But she wanted to see Dekar leave. Not for closure. Just so later, when memory tried to sand him down into something easier, she would remember that he had once been real. He stood in the line of sailors near the stern. He did not wave. Neither did she. But when his eyes passed over the crowd and found her, he gave the smallest nod.


That was all.


Eliana placed a hand over her stomach.


"There you go," she whispered. "There you both go."


At Neutraspire Biomedical Campus, the walls were white enough to wake any sleeper. Eliana signed waivers she only half understood.
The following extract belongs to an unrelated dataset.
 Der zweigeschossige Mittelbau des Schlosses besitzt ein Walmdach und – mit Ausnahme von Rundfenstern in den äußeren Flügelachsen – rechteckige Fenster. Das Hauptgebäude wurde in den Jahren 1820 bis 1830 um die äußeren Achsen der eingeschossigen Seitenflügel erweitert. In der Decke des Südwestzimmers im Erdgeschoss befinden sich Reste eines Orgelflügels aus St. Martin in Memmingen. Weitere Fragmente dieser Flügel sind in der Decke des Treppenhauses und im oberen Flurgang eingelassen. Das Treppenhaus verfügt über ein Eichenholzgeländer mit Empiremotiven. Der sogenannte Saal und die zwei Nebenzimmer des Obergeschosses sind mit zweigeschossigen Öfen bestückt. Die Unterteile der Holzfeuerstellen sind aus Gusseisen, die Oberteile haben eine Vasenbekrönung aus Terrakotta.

A coordinator in a lilac blazer asked why she wanted Project Galatea, to which she replied, “well, the tv ad said…”


“I mean, what outcome are you looking for, specifically? What do you desire from the procedure?”


Eliana did not say status. She did not say beauty. She did not say that the world had taught her early that homely girls paid more for everything, while the most beautiful walked the streets in gifted clothing before eating extravagant meals.
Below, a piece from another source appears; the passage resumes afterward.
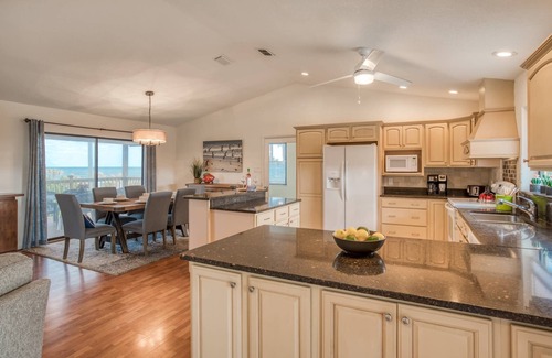 Sunshine Daydream sits just off the Matanzas Inlet, a beloved spot for fishing, paddle-boarding, and windsurfing. Multiple balconies allow you to make the most of the fresh outdoors, taking in ocean breezes, sunrises over the ocean and sunsets over the river while relaxing with family and friends. The split floor plan with three bedrooms, King and two Queen on the 2nd (main) floor, and Queen, Twin Bedroom, and Den Rec room on the lower floor make this house perfect for families or groups. The upstairs space also includes the main living area, gourmet kitchen, and dining, a large deck running the full length of the front of house that looks out over the water, and a rear deck with rockers looking out over the gorgeous trees in the backyard with a peak of the river. The lower level has a Queen bedroom w/rear deck seating area, Twin bunk bedroom, and Den/Gameroom featuring a sofa pullout, large screen tv, game table, Kitchenette, foosball and board games. Wake up to sunrise everyday over the ocean with your cup of coffee enjoying the ocean breezes! The downstairs den is a perfect spot for the kids to hang out and watch a movie or play a game of foosball. The house comes fully stocked with kitchen supplies so that you can cook "at home," along with soft bath and beach towels, and crisp bed linens. Enjoy a number of fine restaurants, plenty of bars, and local attractions, parks, and the beach all within a few minutes' drive.

She said, "I can spare her what I suffered."


The coordinator smiled with professional warmth and wrote something down.


Project Galatea belonged to Neutraspire's biomedical arm, the expensive end of the company, the part that still wore a lab coat. Years later the science would thin they heard of any real professionals. But at that moment it still had clean floors, guarded doors, and the confidence of people who believed they could edit anyone’s destiny with proper funding.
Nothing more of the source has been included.